(DATA EXCERPT)
----------------------------------------
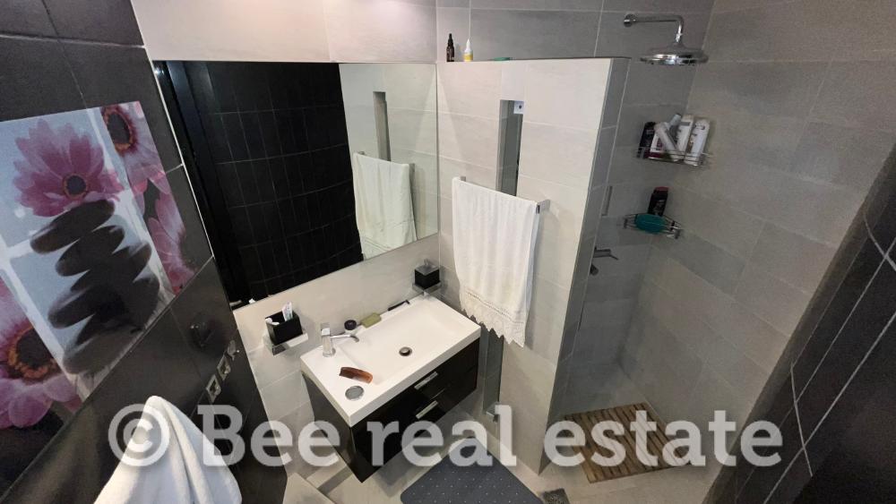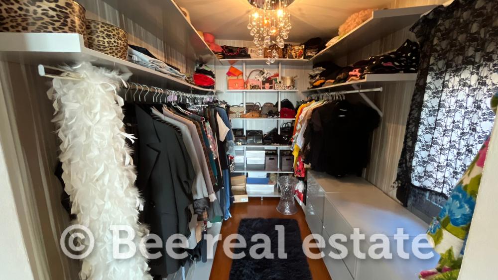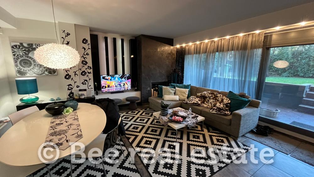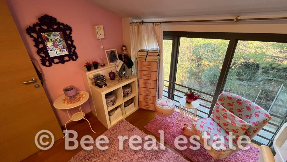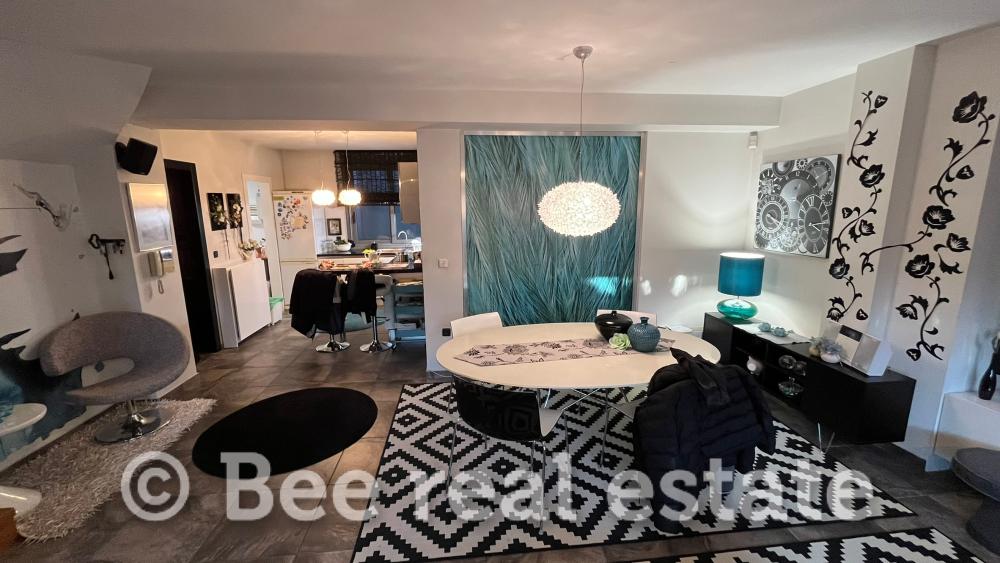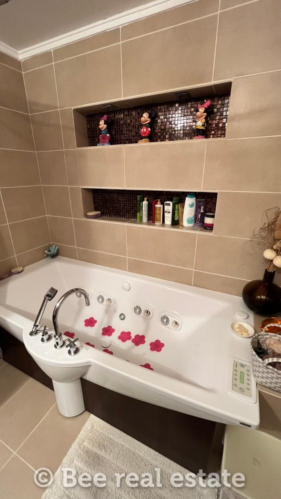 On the mezzanine - ground floor we find a large and bright living room with a fireplace with a large balcony door with direct access to the fantastic garden, a kitchen with all electrical appliances, a room with a laundry area, two bedrooms, a bathroom, a cloakroom area with a jacuzzi and the boiler room area.
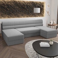 Narożnik z funkcją spania Fogu U szary popiel komfortowy i stylowy narożnik o prostym designie sztruksowa tkanina pojemnik na pościel
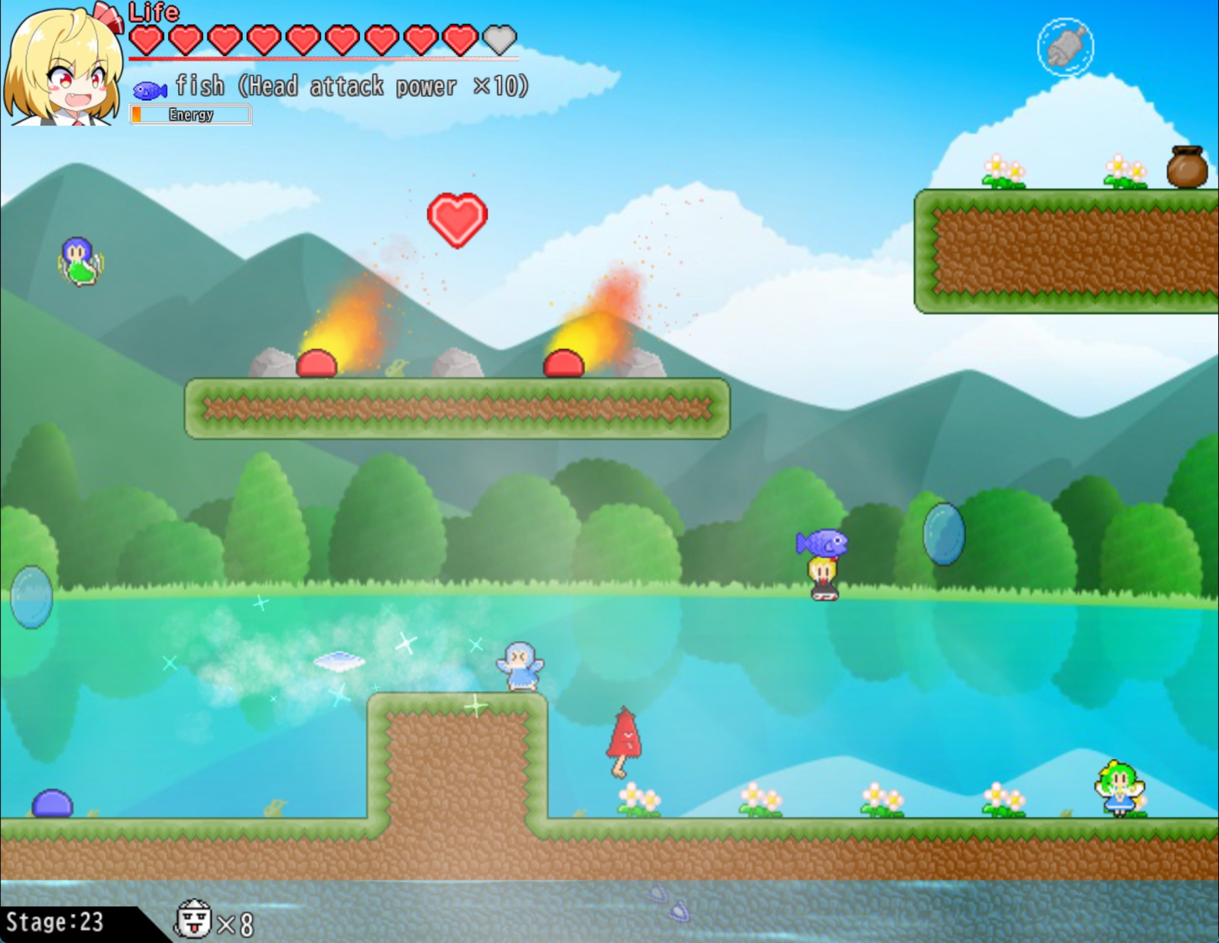 Rumia Throws! is a 2D stage-based action game starring Rumia, a character from the Touhou Project.
----------------------------------------
(PROBLEM REQUIREMENTS) Say again, word for word, every line from the one with "Narożnik z funkcją" through the last line of the data above, minus the pictures.

(SOLUTION TO THIS TASK)
 Narożnik z funkcją spania Fogu U szary popiel komfortowy i stylowy narożnik o prostym designie sztruksowa tkanina pojemnik na pościel
 Rumia Throws! is a 2D stage-based action game starring Rumia, a character from the Touhou Project.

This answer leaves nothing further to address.